▶ **Source material**
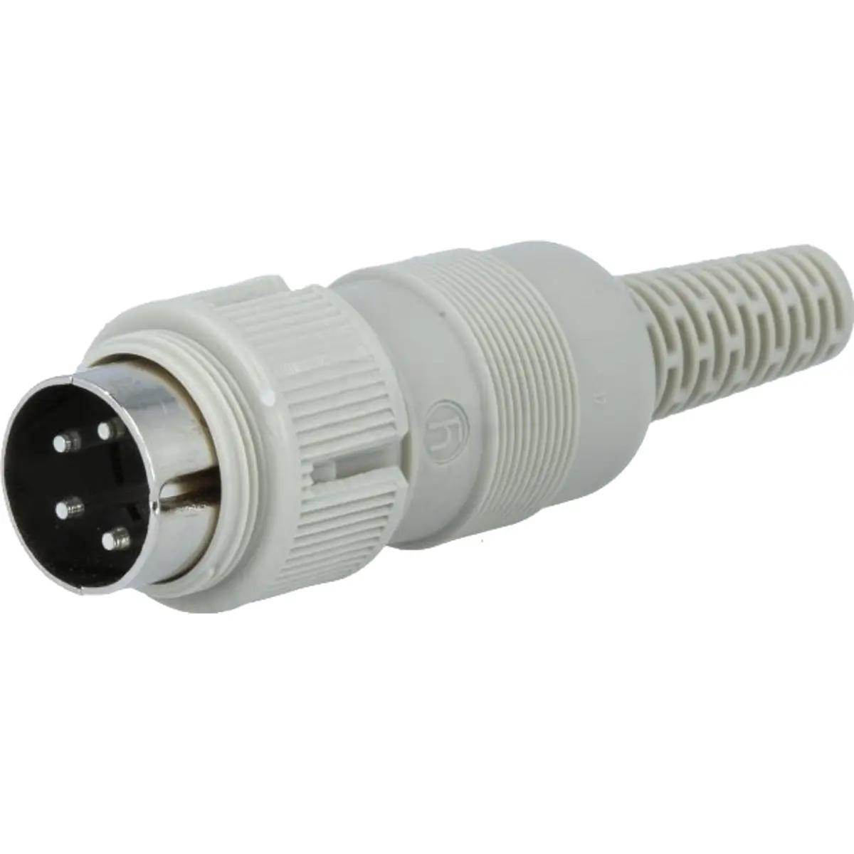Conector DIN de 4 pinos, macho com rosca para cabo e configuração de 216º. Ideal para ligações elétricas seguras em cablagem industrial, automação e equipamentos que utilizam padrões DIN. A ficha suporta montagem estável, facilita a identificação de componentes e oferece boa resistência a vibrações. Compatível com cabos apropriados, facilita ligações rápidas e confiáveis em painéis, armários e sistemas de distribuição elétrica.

==

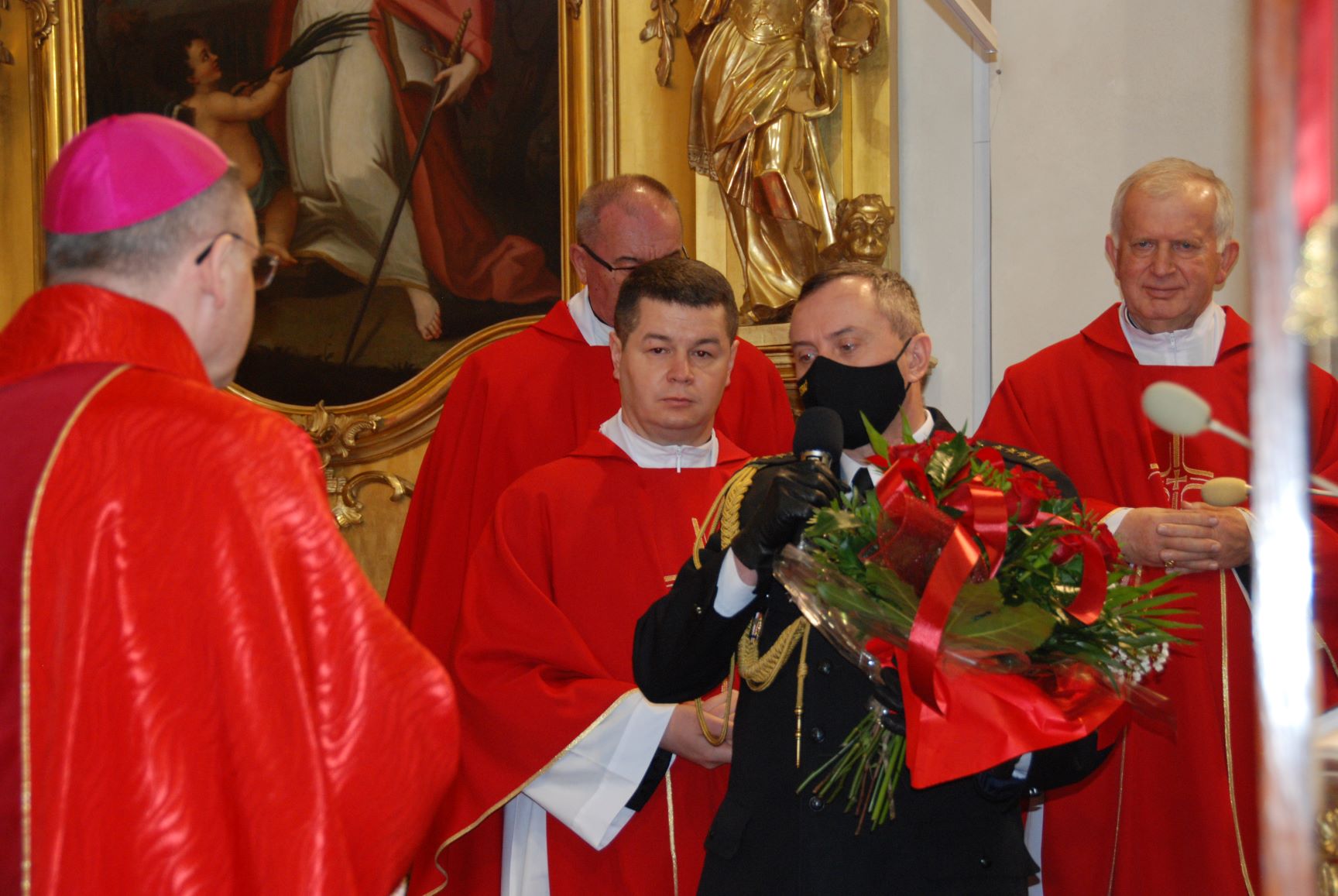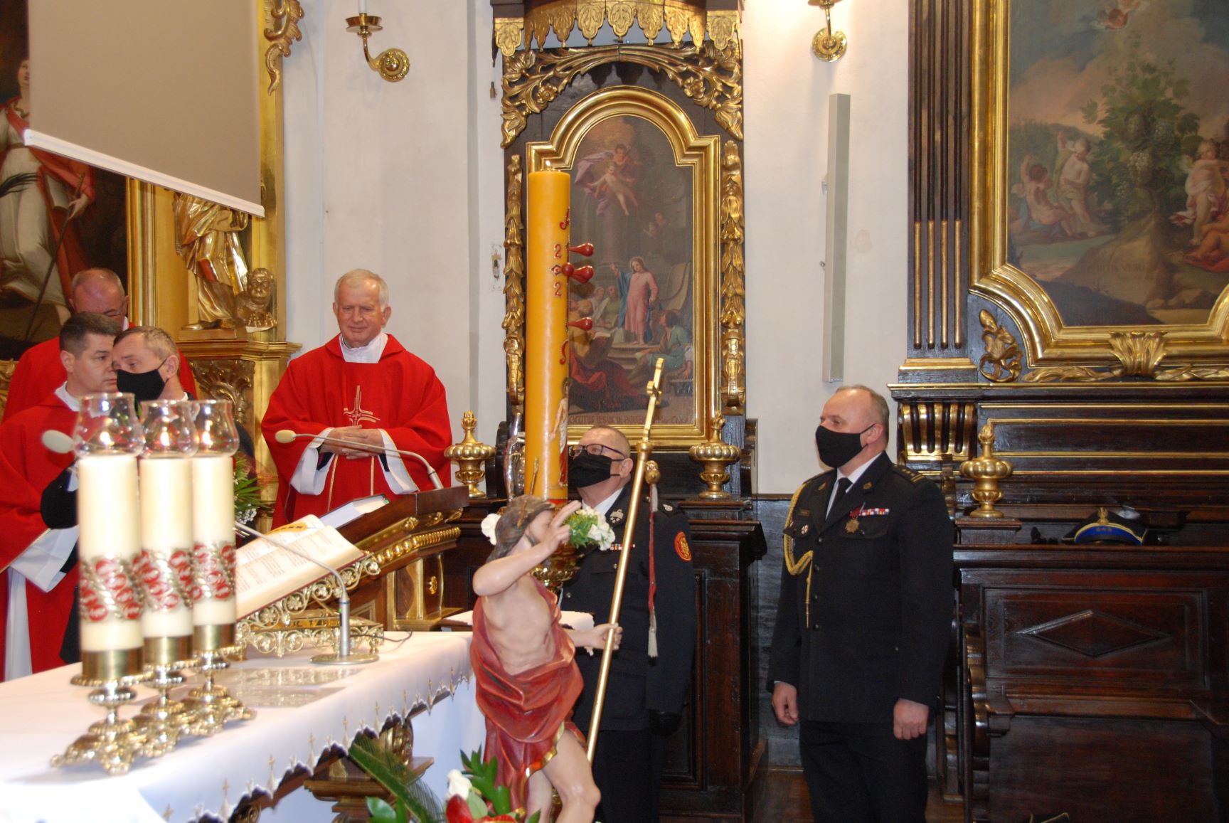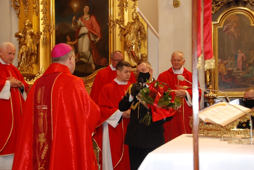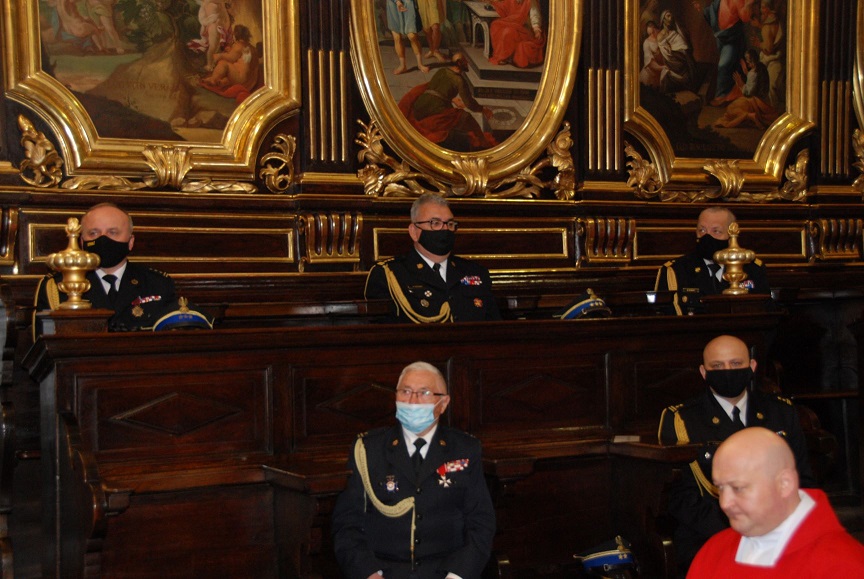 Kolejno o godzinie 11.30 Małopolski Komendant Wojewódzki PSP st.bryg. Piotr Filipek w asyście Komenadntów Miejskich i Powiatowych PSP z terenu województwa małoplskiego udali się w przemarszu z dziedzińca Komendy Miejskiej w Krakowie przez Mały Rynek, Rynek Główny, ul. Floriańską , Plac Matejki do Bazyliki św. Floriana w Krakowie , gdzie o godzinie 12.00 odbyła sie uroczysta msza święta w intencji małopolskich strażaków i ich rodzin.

* * *

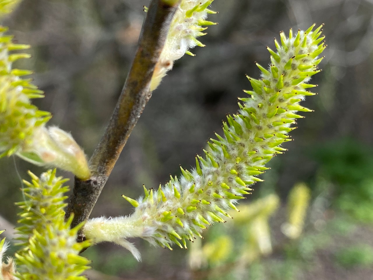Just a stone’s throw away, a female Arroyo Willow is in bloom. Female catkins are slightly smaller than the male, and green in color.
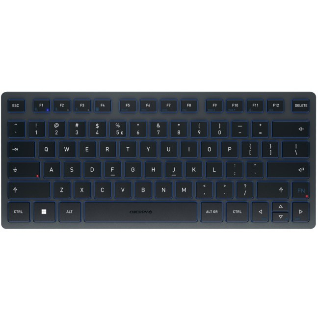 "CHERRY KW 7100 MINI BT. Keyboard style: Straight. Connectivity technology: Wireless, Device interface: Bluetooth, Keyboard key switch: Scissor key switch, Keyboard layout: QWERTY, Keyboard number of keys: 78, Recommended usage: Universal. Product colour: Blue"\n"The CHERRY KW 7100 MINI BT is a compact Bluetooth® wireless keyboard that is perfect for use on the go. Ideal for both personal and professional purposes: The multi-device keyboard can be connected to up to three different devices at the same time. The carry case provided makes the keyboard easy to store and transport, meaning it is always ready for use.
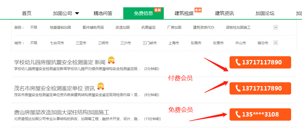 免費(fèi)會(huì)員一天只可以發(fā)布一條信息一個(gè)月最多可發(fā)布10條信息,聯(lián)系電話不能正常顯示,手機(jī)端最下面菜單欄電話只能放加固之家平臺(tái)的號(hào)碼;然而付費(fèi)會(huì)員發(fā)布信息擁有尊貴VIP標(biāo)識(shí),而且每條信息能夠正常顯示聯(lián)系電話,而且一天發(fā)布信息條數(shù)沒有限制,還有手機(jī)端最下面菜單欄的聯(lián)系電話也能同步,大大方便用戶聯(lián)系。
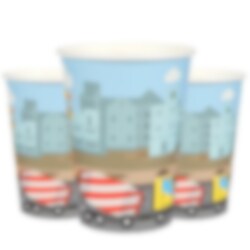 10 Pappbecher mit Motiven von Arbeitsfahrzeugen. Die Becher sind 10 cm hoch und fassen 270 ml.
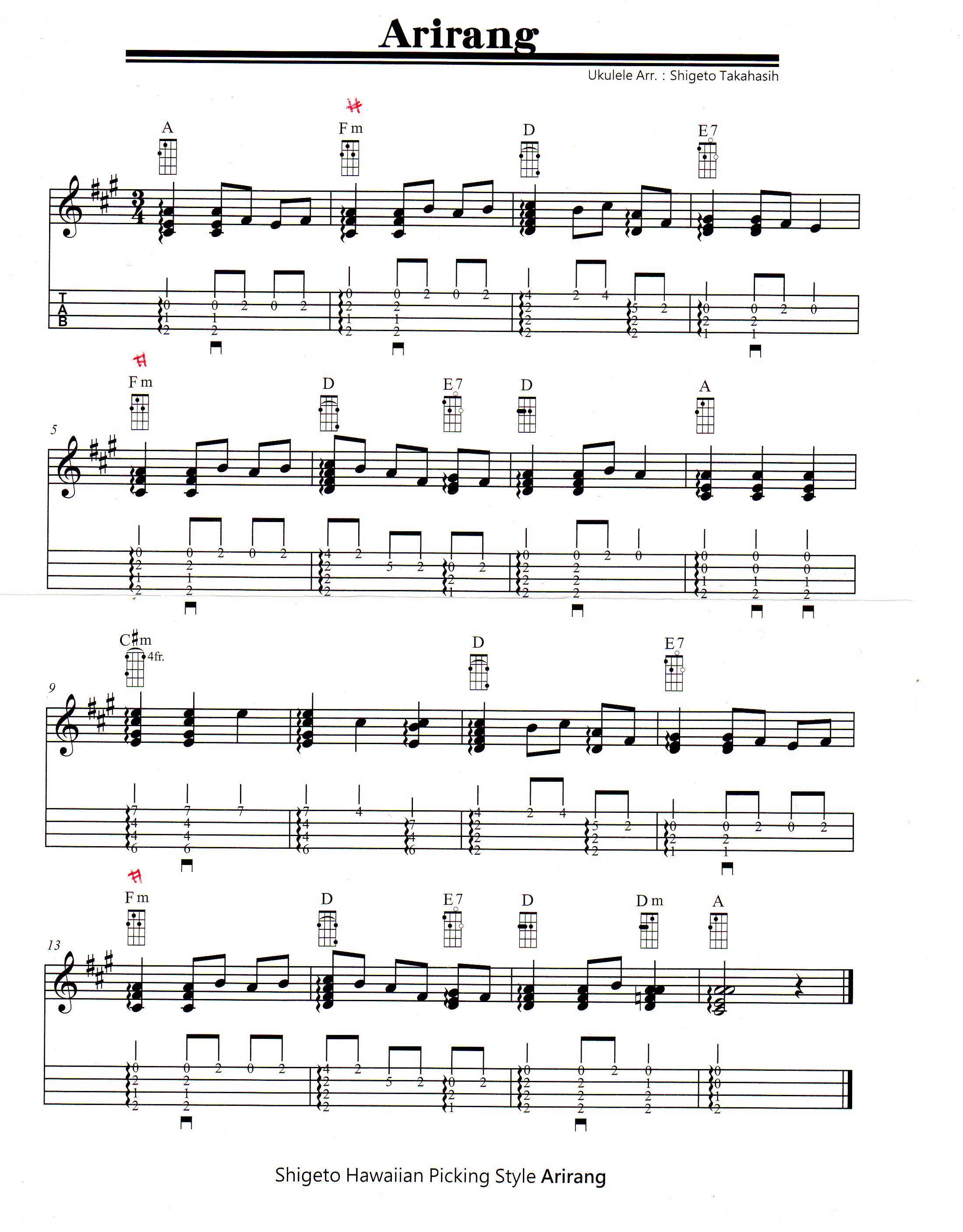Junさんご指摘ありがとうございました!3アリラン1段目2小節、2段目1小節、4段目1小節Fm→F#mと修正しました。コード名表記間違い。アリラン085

▶ **Requirement**
Your answer should be the lines above, word for word, from the line with "10 Pappbecher mit" through the line with "Junさんご指摘ありがとうご", minus the pictures.

▶ **Result for this exercise**
 10 Pappbecher mit Motiven von Arbeitsfahrzeugen. Die Becher sind 10 cm hoch und fassen 270 ml.
Junさんご指摘ありがとうございました!3アリラン1段目2小節、2段目1小節、4段目1小節Fm→F#mと修正しました。コード名表記間違い。アリラン085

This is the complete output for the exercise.